You are viewing a plain text version of this content. The canonical link for it is here.
Posted to dev@spamassassin.apache.org by Dale Luck <dl...@barracudanetworks.com> on 2005/08/30 15:29:20 UTC

body rule speed

In my study of where SA is spending most of its time, it became quickly apparent the do_body_tests is by far the largest cpu hog.
Indeed i've seen just a single file (sare_fraud) can use up half of the cpu cycles for every spam scan.
 
I was wondering if anyone investigating flipping inside out the algorithm used to apply the rules to the body.
 
Instead of the present process:
 
loop on all rules
{
     loop on all lines in msg body
     {
           apply regex.
           if hit, skip to next rule.
     }
}
 
The above the use of the 'study' perl command, as well as it case insensitive regexes cause memory allocation over and over again.
 
What if the process was changed to:
 
using_rule{all rules} = rule_score; # initializes decision point for list of rules
 
loop on all lines in msg body
{
     study line
     loop on all rules
     {
           if using_rule{rule} apply regex;
           if hit, using_rule{rule} = 0;
     }
}
 
The issue of speeding up /i regex could be handled by identifying them in the parse phase and having a separate case_insensitive_body_test which would remove the /i and then lc the rule before compiling it, and then prior to applying the regex in the inner loop it would lc the body text. Since lc the body text would be done only once for all the rules (instead of once for each rule) this would also speed up processng.
 
Prior to me coding this up and trying it out I was wondering if anyone else had already gone down this same path and determined it was fruitless.
 
dale luck

Re: body rule speed

Posted by Duncan Findlay <du...@debian.org>.
On Tue, Aug 30, 2005 at 06:29:20AM -0700, Dale Luck wrote:

> In my study of where SA is spending most of its time, it became
> quickly apparent the do_body_tests is by far the largest cpu hog.
> Indeed i've seen just a single file (sare_fraud) can use up half of
> the cpu cycles for every spam scan.
>  
> I was wondering if anyone investigating flipping inside out the
> algorithm used to apply the rules to the body.
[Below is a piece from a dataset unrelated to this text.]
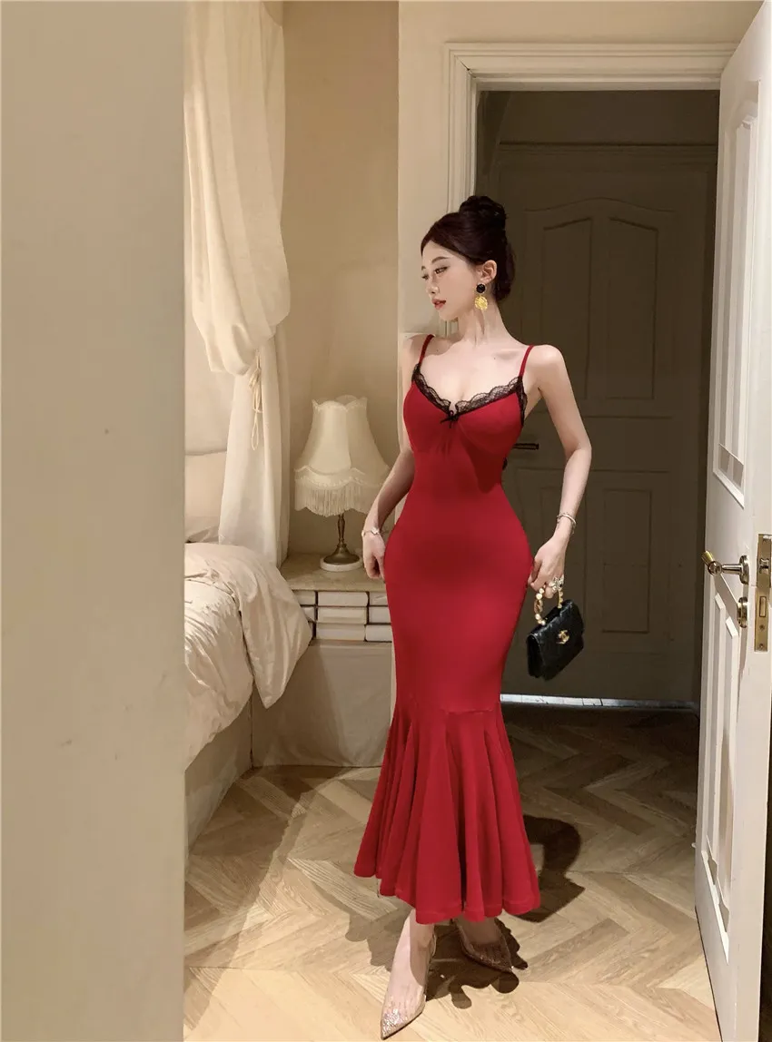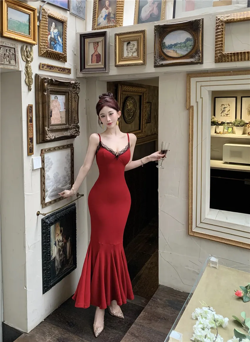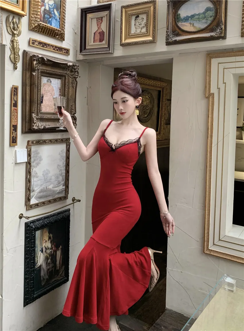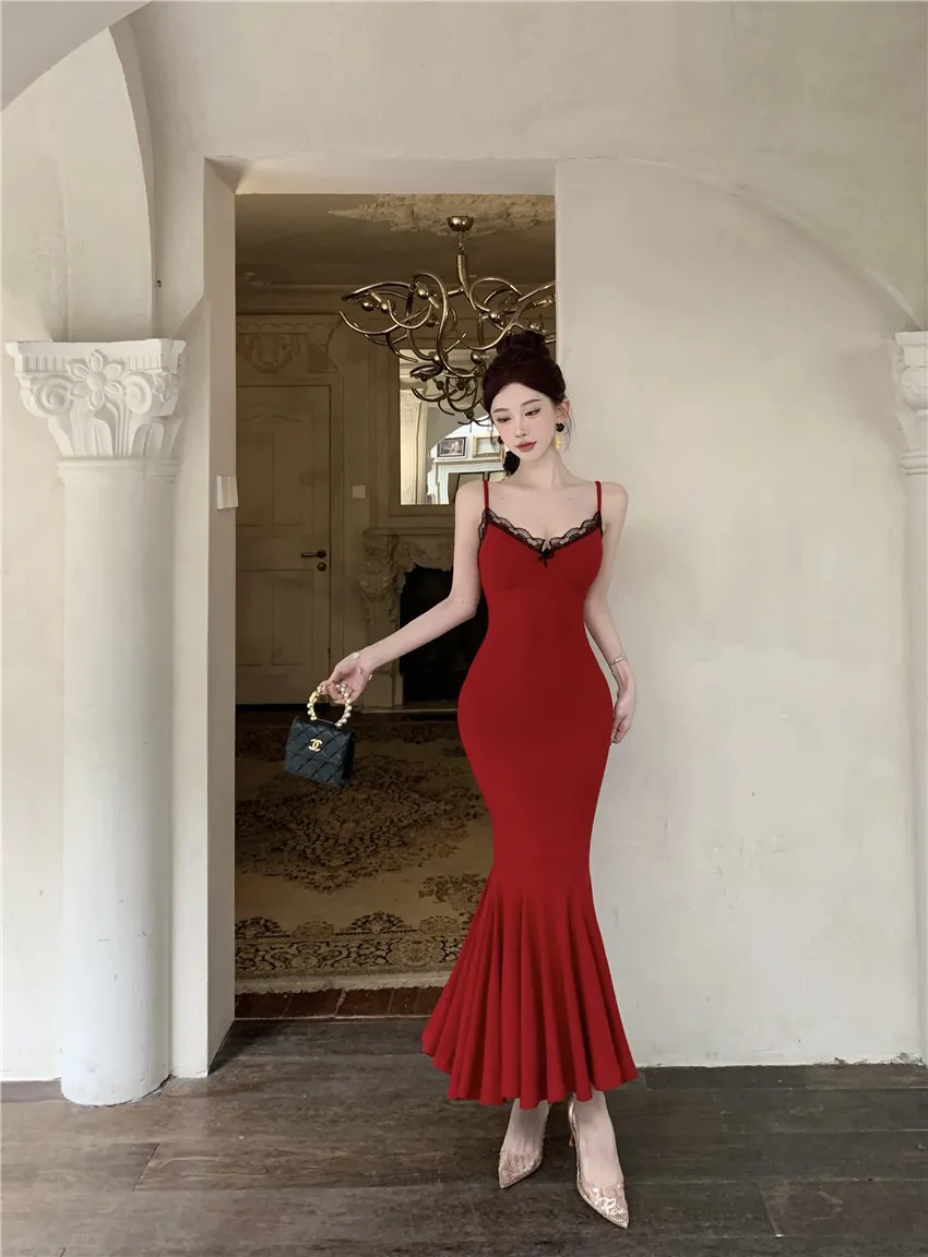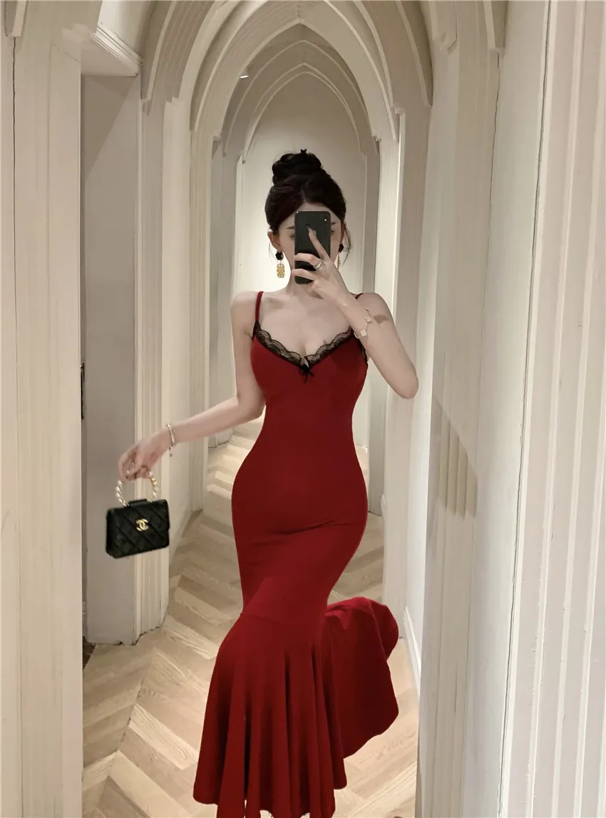 Fashion Personality Lace V-Neck Sling Dress for Women: Elegant, Chic, and Effortlessly Stylish

I believe I tried to look at this one time, but it got pretty messy to
hack that in and I didn't have enough time to spend on it. Any speedup
seemed to be minimal, but it might be worth looking into in greater
detail. Also, I'm not convinced study helps a whole lot. Having said
that, some of our regular expressions could probably be tuned better
so that study helps more.

The case insensitive thing can be a very large speedup; however, we do
have many tests that rely on capitalization. We'd need a way of
splitting them up or something, since we definitely need some case
sensetive rules

-- 
Duncan Findlay

Re: body rule speed

Posted by Theo Van Dinter <fe...@apache.org>.
On Tue, Aug 30, 2005 at 06:29:20AM -0700, Dale Luck wrote:
> Instead of the present process:
>  
> loop on all rules
> {
>      loop on all lines in msg body
>      {
>            apply regex.
>            if hit, skip to next rule.
>      }
> }
>  
> loop on all lines in msg body
> {
>      study line
>      loop on all rules
>      {
>            if using_rule{rule} apply regex;
>            if hit, using_rule{rule} = 0;
>      }
> }

Ah, you mean the original way. ;)   In short, it was found to be faster
to do the first one, since we don't have to run the same rule over and
over again.  We exit out on the first hit per rule which was found to
be a huge speed increase.

-- 
Randomly Generated Tagline:
It could be one of these chemicals here that makes him so smart.  Lisa,
 maybe you should try some of this.
 
 		-- Homer Simpson
 		   Bart the Genius